Relocation of any structure originally located on property that the city acquires in-fee as a part of a capital transportation project that results in a building encroachment over public right-of-way or easements, when the remaining remnant will not be re-developable, such that the structure is relocated to another parcel within the city limits. Except to the extent such relocation creates additional dwelling units and/or additional PM peak hour trips as determined in the manner set forth in a methodology adopted pursuant to Section 3.04.010(E), or as provided in Section 3.04.030(D) or Section 3.04.030(E), whichever is applicable.
3. 
Replacement of any structure located on excess property that the city acquires in-fee as a part of a capital transportation project that can be marketed, or available for occupancy, except to the extent such remodeling or replacement creates additional dwelling units and/or additional PM peak hour trips as determined in the manner set forth in a methodology adopted pursuant to Section 3.04.010(E), or as provided in Section 3.04.030(D) or (E), whichever is applicable:
a. 
The agency has been provided a reasonable period of time to meet public notification requirements for sale or other disposition (i.e., public auction); and
b. 
Upon completion of the project, after access has been restored and/or recorded whichever is the later, such that the property has legal ingress/egress for development or occupancy purposes.
C. 
Payment of the TSDC by a person who is also eligible for a credit voucher for construction of a qualified public improvement may be delayed until a date certain to be set by the department at the time of development permit issuance.
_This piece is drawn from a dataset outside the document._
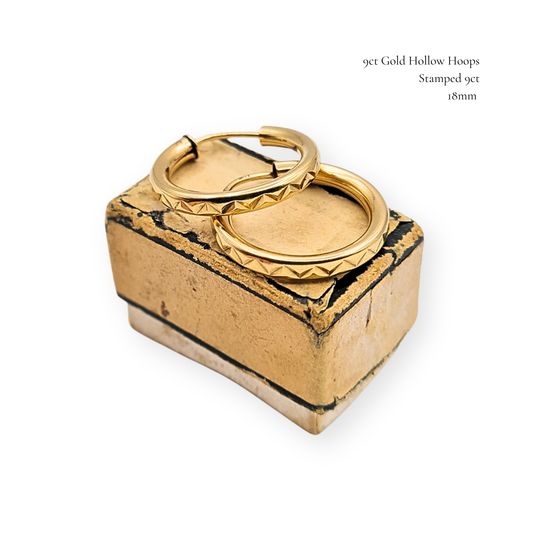 9ct Gold 18mm Hollow Hoop Earrings Zig Zag Pattern 9ct

Payment may only be delayed for the same development which is associated with the construction of the capital improvement for which credit is given, and the permittee shall provide the department with security to secure payment of the TSDC. The amount of security shall equal the TSDC assessment for the development as calculated by the department, and must be in a form outlined in subsection (C)(1), (2) or (3), or an alternative method approved by the city attorney.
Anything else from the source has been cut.